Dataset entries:
═══
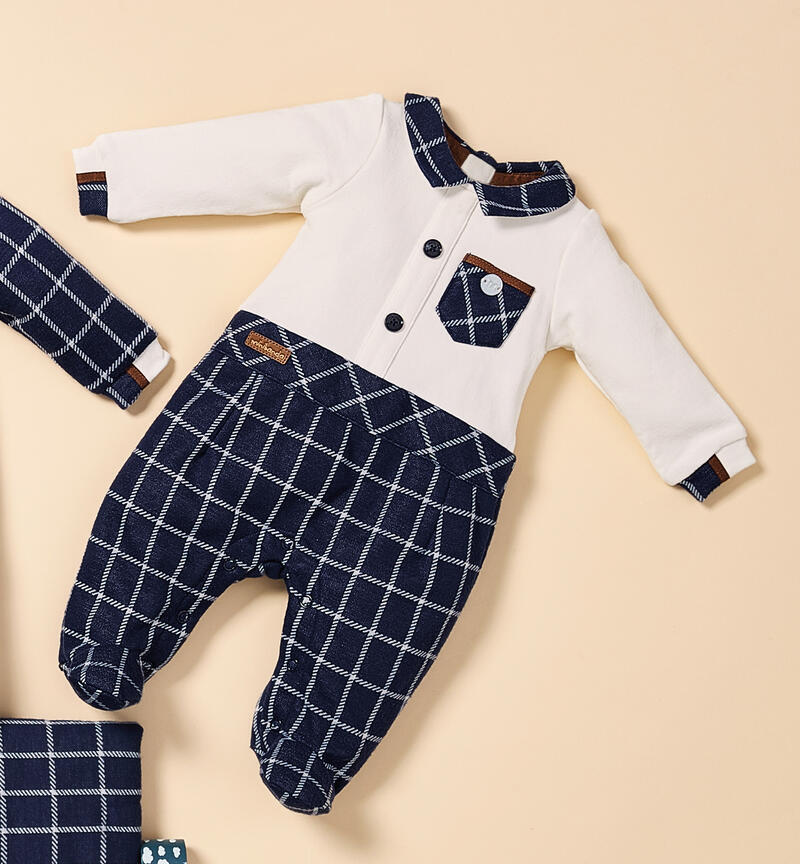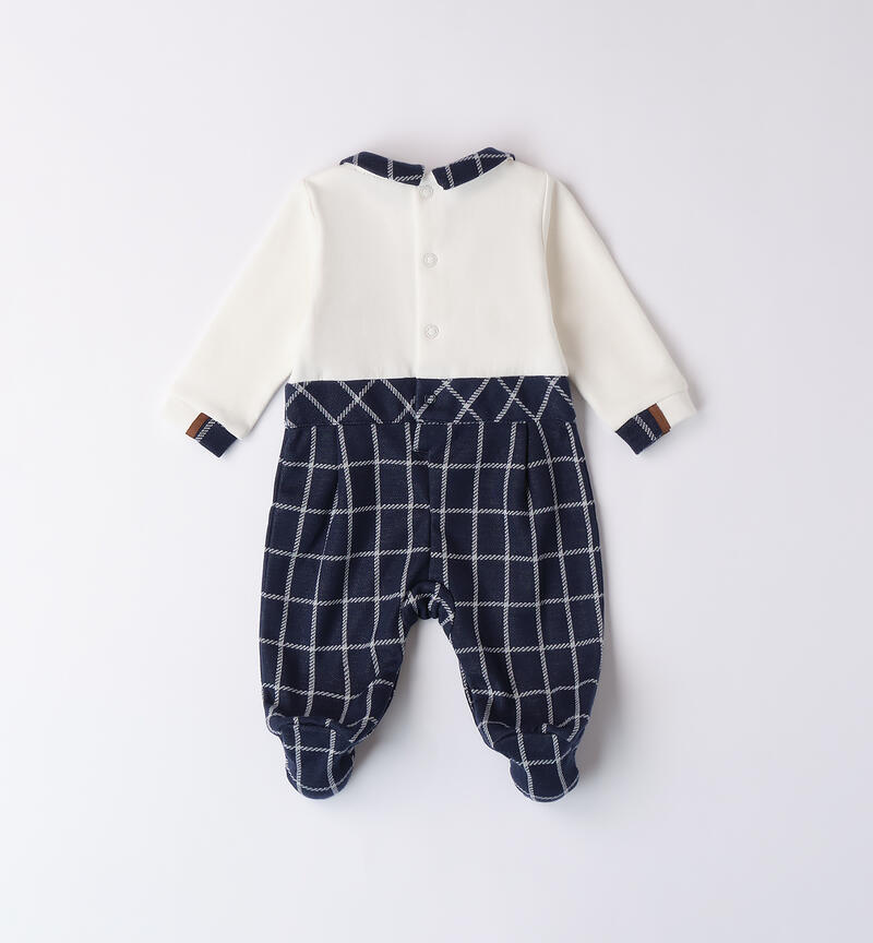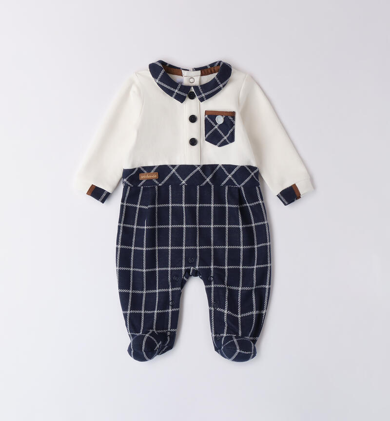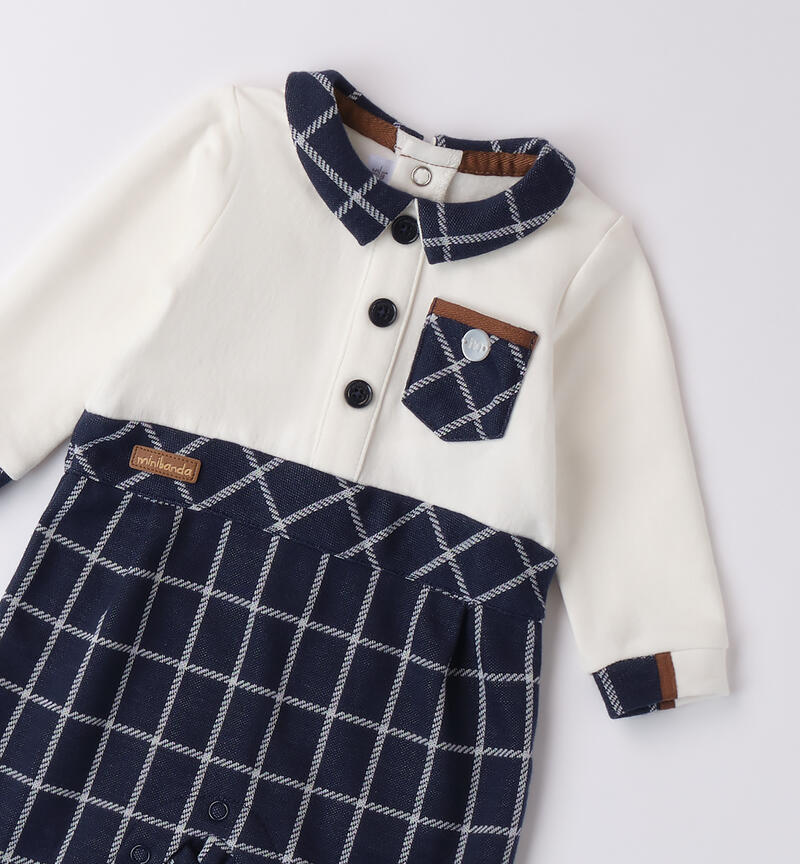 Tutina neonato Minibanda 0-18 mesi realizzata in tessuto felpato. Il modello presenta apertura sul retro e nel sottogamba con bottoni a pressione per agevolare il cambio e la vestizione. La tutina รจ realizzata in fantasia tinta unita nella parte superiore e a quadretti nella parte inferiore.
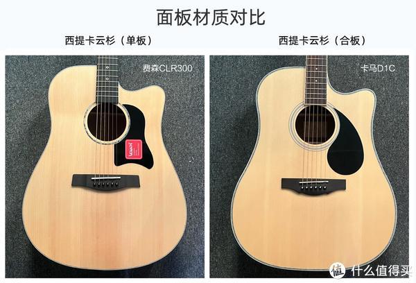 从板材上来说,卡马D1C使用的是西提卡云杉合板材质,而 VEAZEN费森CLR300则采用的是更为昂贵的西提卡云杉单板。合板材质声音比较分散不集中,共鸣较差些,而面单的面板共鸣则饱满更好。同时两款都是哑光漆面工艺,非常有质感。
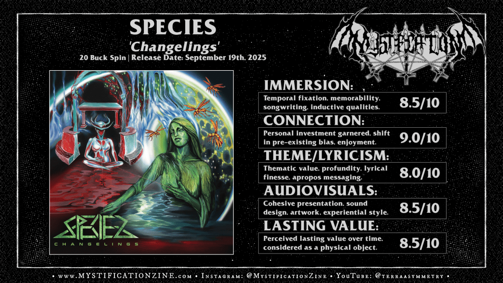 Only the strictest adherents to this space will recall my years-long obsession with this general sub-genre, the exploration of it in full and such, and this of course generates some unruly hype on my part as an undying fan of technical thrash metal and all that it’d spawn. With this in mind I’d suggest ‘Changelings‘ both speaks to the proclivities of emergent technical thrash metal (techno-thrashers if you’re EU adjacent) and its own tunnel vision of rapid-firing ideas with the latter ultimately taking over in a way that the previous album hadn’t fully grasped. Beyond that point Species‘ve created an album that worms in mind with each listen, a technicolor sluice through imaginative but never avant-garde estrangement with a clear search in mind. In this sense following their seeker through its train of thought was consistently transporting, a pleasure to leave on repeat and weave through its maze-like sojourn. A very high recommendation.
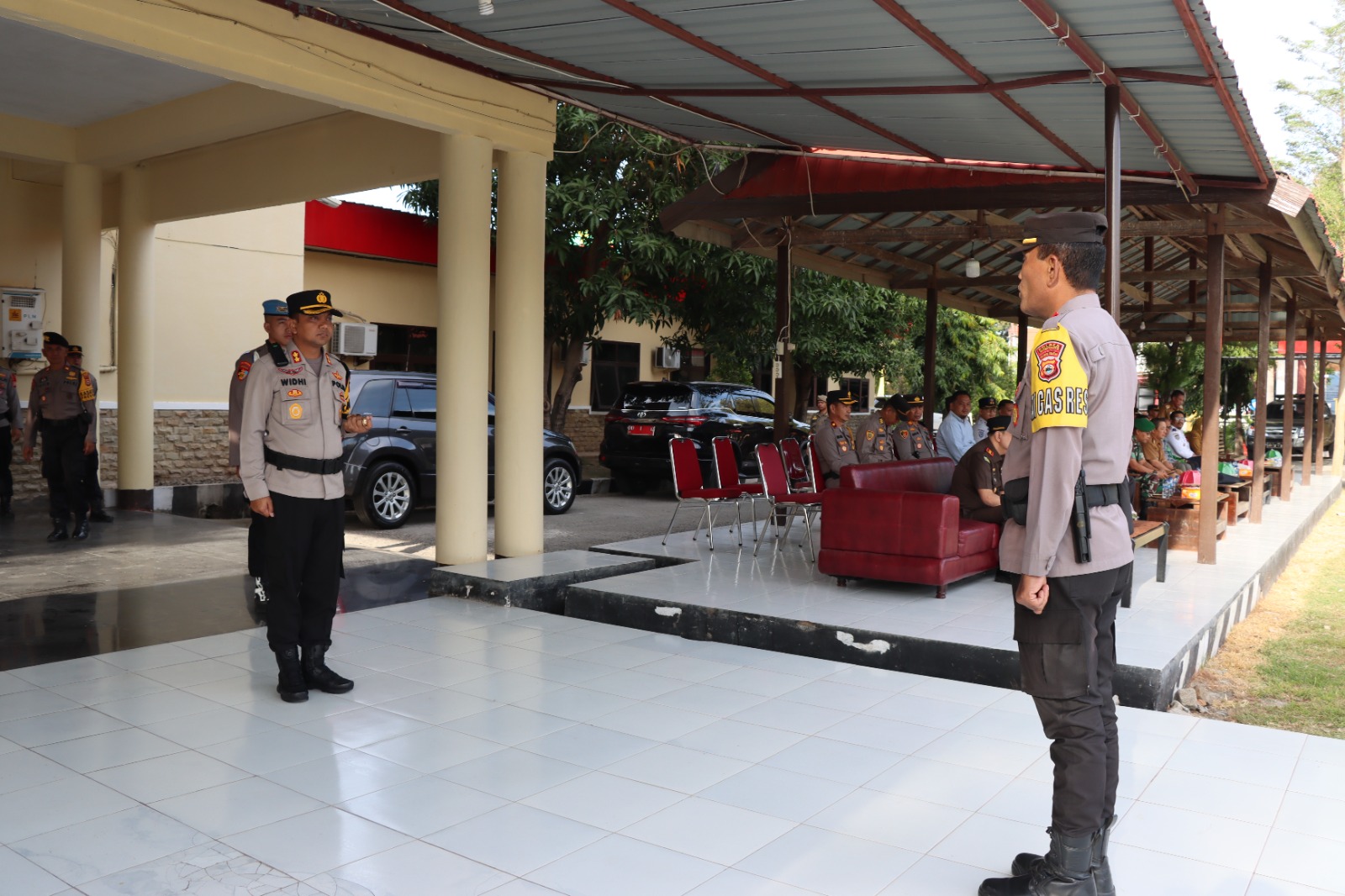 Kapolres Jeneponto AKBP. Widi Setiawan, S.I.K, M.I.K., bertindak selaku Pimpinan Apel, sementara yang bertindak selaku komandan Apel adalah Ipda Samsul Bahri, S.H., KBO sat Intel Polres Jeneponto.
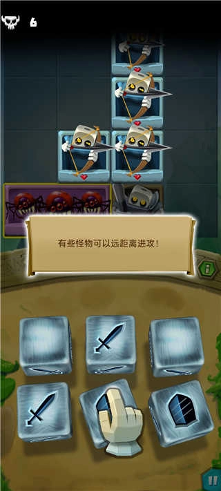 当敌方数量增多时,骰子会解锁新技能,而盾牌能够抵挡本轮敌人对你造成的所有伤害。
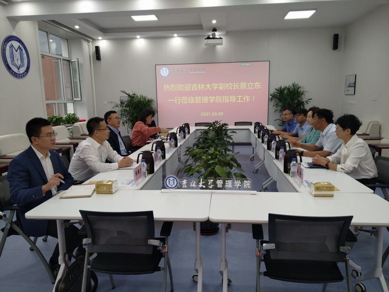 2021年9月9日下午,在全国第37个教师节即将来临之际,吉林大学党委常委、副校长蔡立东、社会科学处副处长张晓萌、副处长鲍锋及随行工作人员,到管理学院调研国家自然科学基金重大项目并慰问项目负责人原吉林大学党委常务副书记蔡莉教授,管理学院党委书记书记赵军、副院长张公一、副院长李雪灵、副院长马腾等陪同参加了此次调研活动。
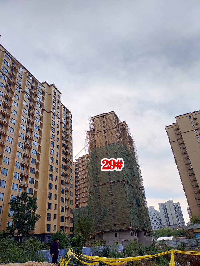 ? ? ???項(xiàng)目進(jìn)度:三期28#/29#樓已封頂,28#樓腳手架已拆至7層,29號(hào)樓腳手架已拆至15層,22#樓建到13層。
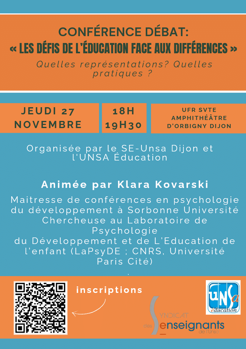 – Les défis de l’Education face aux différences à l’université Bourgogne Europe Dijon le jeudi 27 novembre à 18h, inscriptions ouvertes sur ce lien.
═══
What this task involves: Now transcribe all the entries above exactly, so that no picture is carried over.

Answer space:
 Tutina neonato Minibanda 0-18 mesi realizzata in tessuto felpato. Il modello presenta apertura sul retro e nel sottogamba con bottoni a pressione per agevolare il cambio e la vestizione. La tutina รจ realizzata in fantasia tinta unita nella parte superiore e a quadretti nella parte inferiore.
 从板材上来说,卡马D1C使用的是西提卡云杉合板材质,而 VEAZEN费森CLR300则采用的是更为昂贵的西提卡云杉单板。合板材质声音比较分散不集中,共鸣较差些,而面单的面板共鸣则饱满更好。同时两款都是哑光漆面工艺,非常有质感。
 Only the strictest adherents to this space will recall my years-long obsession with this general sub-genre, the exploration of it in full and such, and this of course generates some unruly hype on my part as an undying fan of technical thrash metal and all that it’d spawn. With this in mind I’d suggest ‘Changelings‘ both speaks to the proclivities of emergent technical thrash metal (techno-thrashers if you’re EU adjacent) and its own tunnel vision of rapid-firing ideas with the latter ultimately taking over in a way that the previous album hadn’t fully grasped. Beyond that point Species‘ve created an album that worms in mind with each listen, a technicolor sluice through imaginative but never avant-garde estrangement with a clear search in mind. In this sense following their seeker through its train of thought was consistently transporting, a pleasure to leave on repeat and weave through its maze-like sojourn. A very high recommendation.
 Kapolres Jeneponto AKBP. Widi Setiawan, S.I.K, M.I.K., bertindak selaku Pimpinan Apel, sementara yang bertindak selaku komandan Apel adalah Ipda Samsul Bahri, S.H., KBO sat Intel Polres Jeneponto.
 当敌方数量增多时,骰子会解锁新技能,而盾牌能够抵挡本轮敌人对你造成的所有伤害。
 2021年9月9日下午,在全国第37个教师节即将来临之际,吉林大学党委常委、副校长蔡立东、社会科学处副处长张晓萌、副处长鲍锋及随行工作人员,到管理学院调研国家自然科学基金重大项目并慰问项目负责人原吉林大学党委常务副书记蔡莉教授,管理学院党委书记书记赵军、副院长张公一、副院长李雪灵、副院长马腾等陪同参加了此次调研活动。
 ? ? ???項(xiàng)目進(jìn)度:三期28#/29#樓已封頂,28#樓腳手架已拆至7層,29號(hào)樓腳手架已拆至15層,22#樓建到13層。
 – Les défis de l’Education face aux différences à l’université Bourgogne Europe Dijon le jeudi 27 novembre à 18h, inscriptions ouvertes sur ce lien.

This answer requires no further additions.